--- Assigned task ---
Leave the pictures out. Retype exactly the lines below from the one containing "Bull office computer" through the one containing "A linha Papel", and no others.

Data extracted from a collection
■ ■ ■ ■ ■

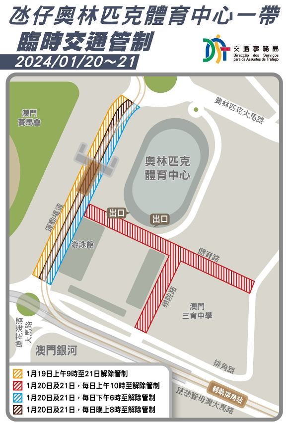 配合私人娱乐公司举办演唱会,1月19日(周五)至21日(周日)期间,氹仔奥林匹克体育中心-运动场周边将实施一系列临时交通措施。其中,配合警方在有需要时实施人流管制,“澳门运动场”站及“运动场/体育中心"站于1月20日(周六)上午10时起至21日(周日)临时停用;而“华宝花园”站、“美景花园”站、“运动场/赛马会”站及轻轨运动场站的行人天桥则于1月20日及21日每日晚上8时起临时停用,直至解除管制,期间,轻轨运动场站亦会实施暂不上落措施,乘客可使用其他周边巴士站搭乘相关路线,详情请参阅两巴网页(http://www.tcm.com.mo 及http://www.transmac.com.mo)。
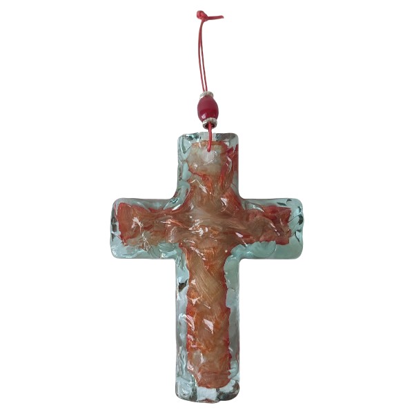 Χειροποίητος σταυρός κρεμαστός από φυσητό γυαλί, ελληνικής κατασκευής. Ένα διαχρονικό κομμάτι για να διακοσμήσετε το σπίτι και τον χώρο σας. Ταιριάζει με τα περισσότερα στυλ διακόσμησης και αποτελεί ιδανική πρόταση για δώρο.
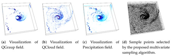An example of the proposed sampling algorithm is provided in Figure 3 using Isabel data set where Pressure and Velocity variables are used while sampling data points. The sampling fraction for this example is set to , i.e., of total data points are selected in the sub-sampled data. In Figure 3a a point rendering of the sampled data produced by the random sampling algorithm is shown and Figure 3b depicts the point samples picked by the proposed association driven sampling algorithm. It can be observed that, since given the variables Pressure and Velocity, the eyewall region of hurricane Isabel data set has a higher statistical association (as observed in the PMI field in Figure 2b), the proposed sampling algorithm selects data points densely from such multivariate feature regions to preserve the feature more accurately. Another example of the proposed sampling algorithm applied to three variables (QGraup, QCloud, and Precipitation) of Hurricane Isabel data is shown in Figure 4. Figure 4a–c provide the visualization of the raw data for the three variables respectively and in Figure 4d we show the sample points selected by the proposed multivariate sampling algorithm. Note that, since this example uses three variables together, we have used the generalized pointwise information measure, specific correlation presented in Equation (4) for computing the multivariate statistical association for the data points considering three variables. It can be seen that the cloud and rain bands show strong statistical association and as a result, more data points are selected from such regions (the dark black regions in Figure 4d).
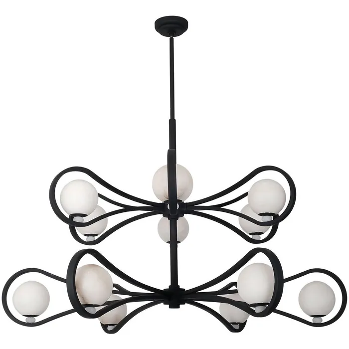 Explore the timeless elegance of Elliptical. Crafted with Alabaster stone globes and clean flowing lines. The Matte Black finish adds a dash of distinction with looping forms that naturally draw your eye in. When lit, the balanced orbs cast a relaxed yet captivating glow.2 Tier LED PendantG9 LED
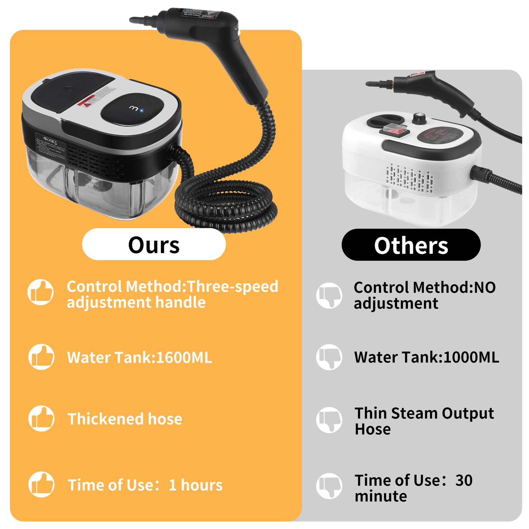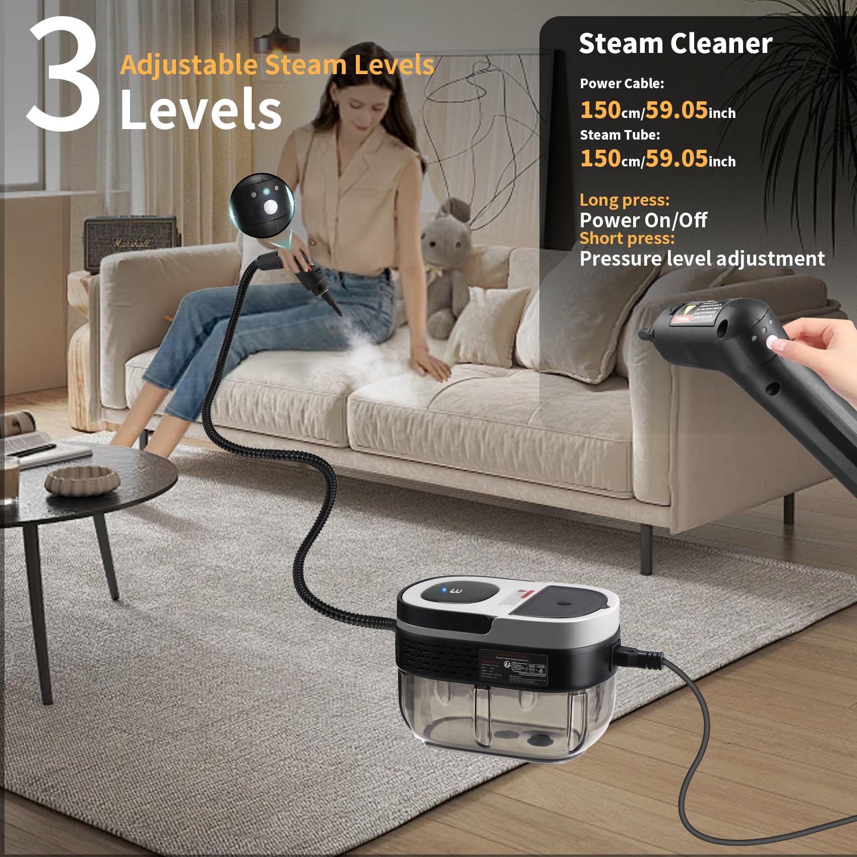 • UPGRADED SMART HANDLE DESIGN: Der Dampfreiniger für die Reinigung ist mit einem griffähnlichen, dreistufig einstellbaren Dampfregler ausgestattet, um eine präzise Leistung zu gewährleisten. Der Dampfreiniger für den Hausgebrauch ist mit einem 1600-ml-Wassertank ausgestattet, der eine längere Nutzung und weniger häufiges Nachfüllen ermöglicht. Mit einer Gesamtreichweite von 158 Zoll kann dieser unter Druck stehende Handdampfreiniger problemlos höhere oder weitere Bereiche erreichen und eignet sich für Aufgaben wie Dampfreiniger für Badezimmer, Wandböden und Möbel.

■ ■ ■ ■ ■

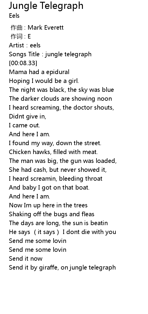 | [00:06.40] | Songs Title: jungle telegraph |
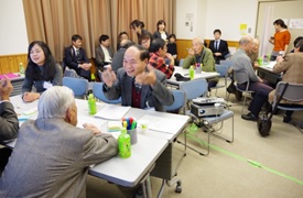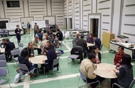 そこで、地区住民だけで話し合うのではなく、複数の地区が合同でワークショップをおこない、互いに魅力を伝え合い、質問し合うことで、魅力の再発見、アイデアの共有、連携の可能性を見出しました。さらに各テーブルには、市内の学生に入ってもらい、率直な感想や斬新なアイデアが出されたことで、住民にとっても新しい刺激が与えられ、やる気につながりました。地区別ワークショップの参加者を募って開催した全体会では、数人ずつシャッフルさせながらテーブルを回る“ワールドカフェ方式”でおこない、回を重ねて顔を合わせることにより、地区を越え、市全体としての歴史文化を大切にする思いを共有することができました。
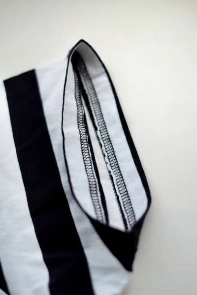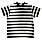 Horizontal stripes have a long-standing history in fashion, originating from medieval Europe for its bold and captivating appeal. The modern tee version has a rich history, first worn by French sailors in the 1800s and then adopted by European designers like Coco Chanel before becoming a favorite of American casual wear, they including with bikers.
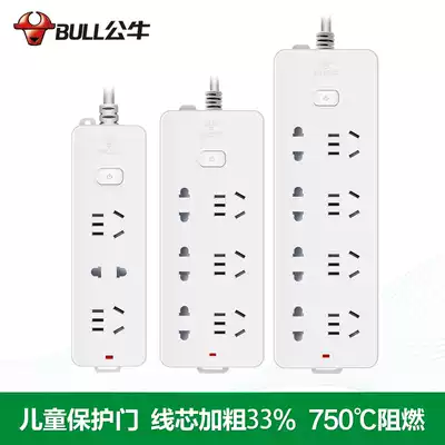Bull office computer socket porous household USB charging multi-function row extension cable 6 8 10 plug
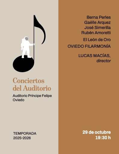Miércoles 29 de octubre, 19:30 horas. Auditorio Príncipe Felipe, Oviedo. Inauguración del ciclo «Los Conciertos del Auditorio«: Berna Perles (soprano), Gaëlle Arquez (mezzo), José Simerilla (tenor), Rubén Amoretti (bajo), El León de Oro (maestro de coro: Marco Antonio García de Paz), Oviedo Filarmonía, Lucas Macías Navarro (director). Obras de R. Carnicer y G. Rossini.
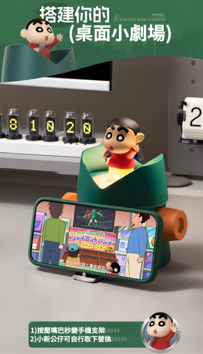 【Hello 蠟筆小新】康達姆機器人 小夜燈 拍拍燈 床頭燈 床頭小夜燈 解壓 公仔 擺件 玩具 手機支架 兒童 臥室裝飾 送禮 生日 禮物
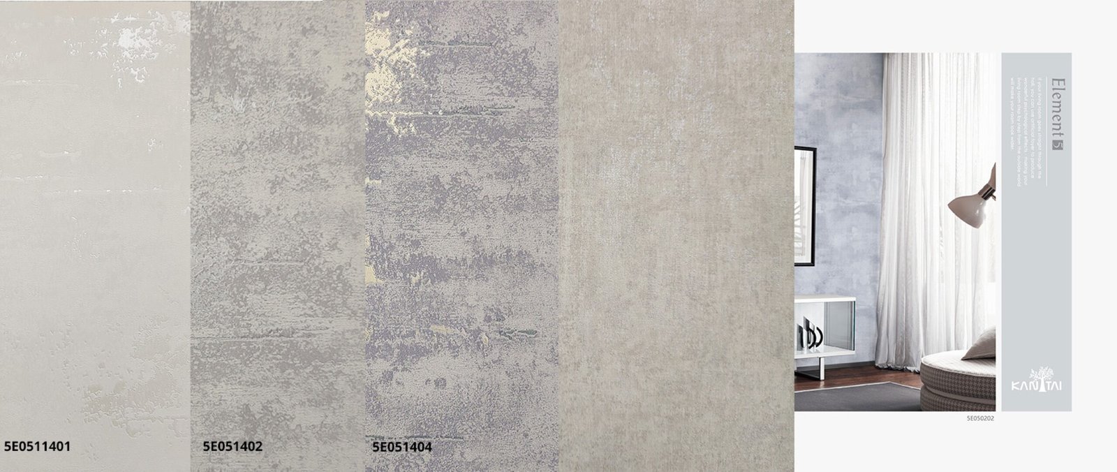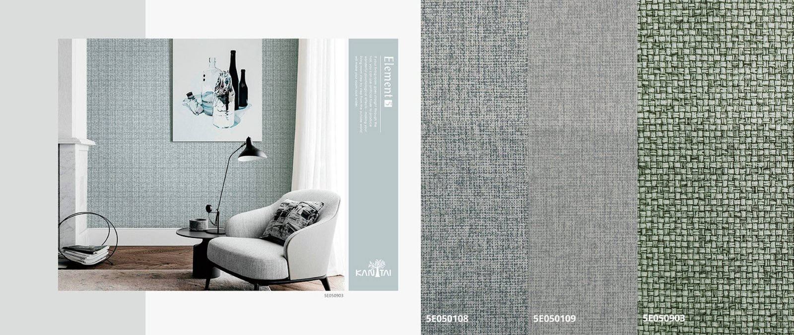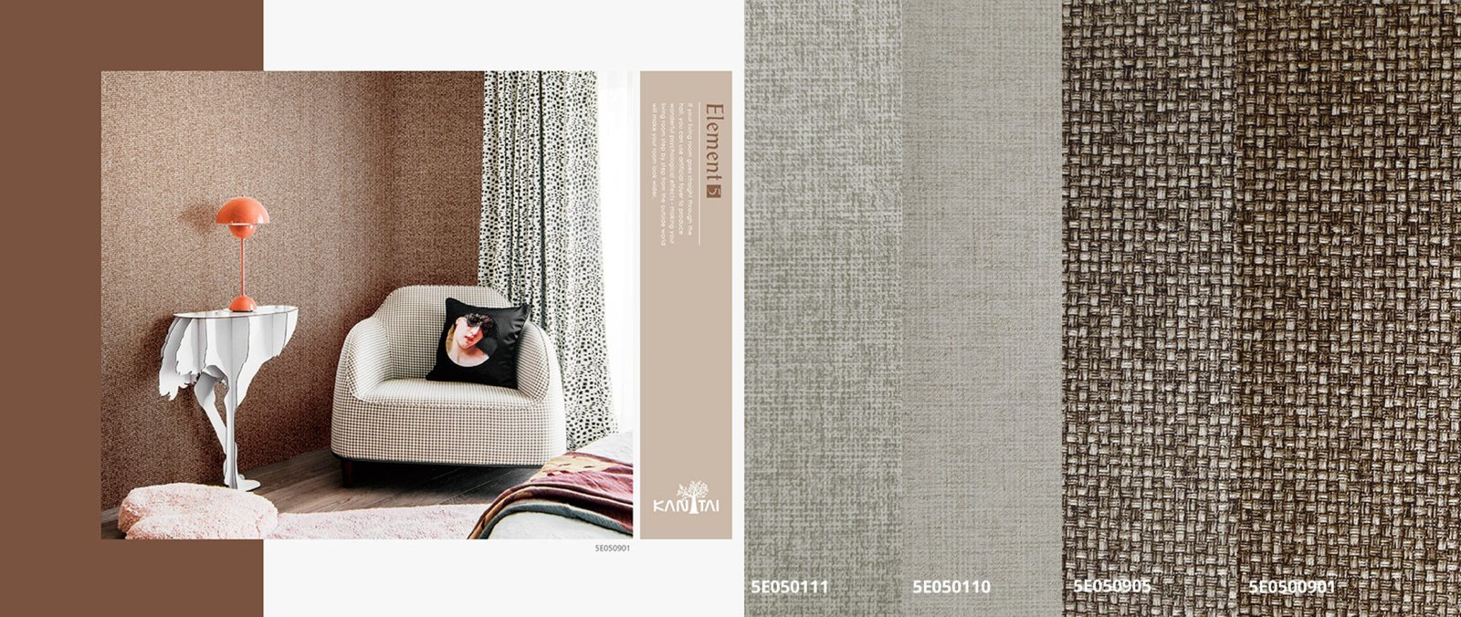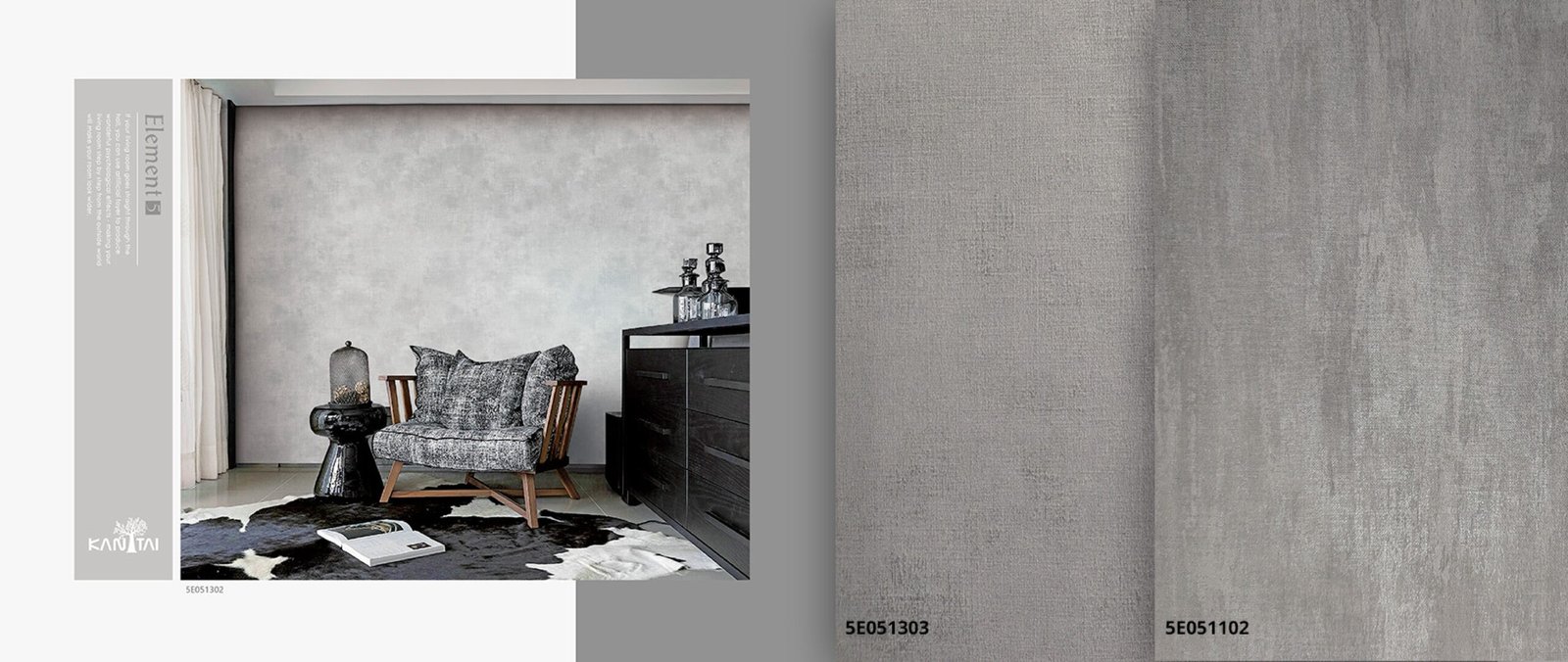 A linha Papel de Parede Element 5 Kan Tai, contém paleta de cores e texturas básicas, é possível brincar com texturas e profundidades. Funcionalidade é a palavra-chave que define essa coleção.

■ ■ ■ ■ ■

--- Task output ---
Bull office computer socket porous household USB charging multi-function row extension cable 6 8 10 plug
Miércoles 29 de octubre, 19:30 horas. Auditorio Príncipe Felipe, Oviedo. Inauguración del ciclo «Los Conciertos del Auditorio«: Berna Perles (soprano), Gaëlle Arquez (mezzo), José Simerilla (tenor), Rubén Amoretti (bajo), El León de Oro (maestro de coro: Marco Antonio García de Paz), Oviedo Filarmonía, Lucas Macías Navarro (director). Obras de R. Carnicer y G. Rossini.
 【Hello 蠟筆小新】康達姆機器人 小夜燈 拍拍燈 床頭燈 床頭小夜燈 解壓 公仔 擺件 玩具 手機支架 兒童 臥室裝飾 送禮 生日 禮物
 A linha Papel de Parede Element 5 Kan Tai, contém paleta de cores e texturas básicas, é possível brincar com texturas e profundidades. Funcionalidade é a palavra-chave que define essa coleção.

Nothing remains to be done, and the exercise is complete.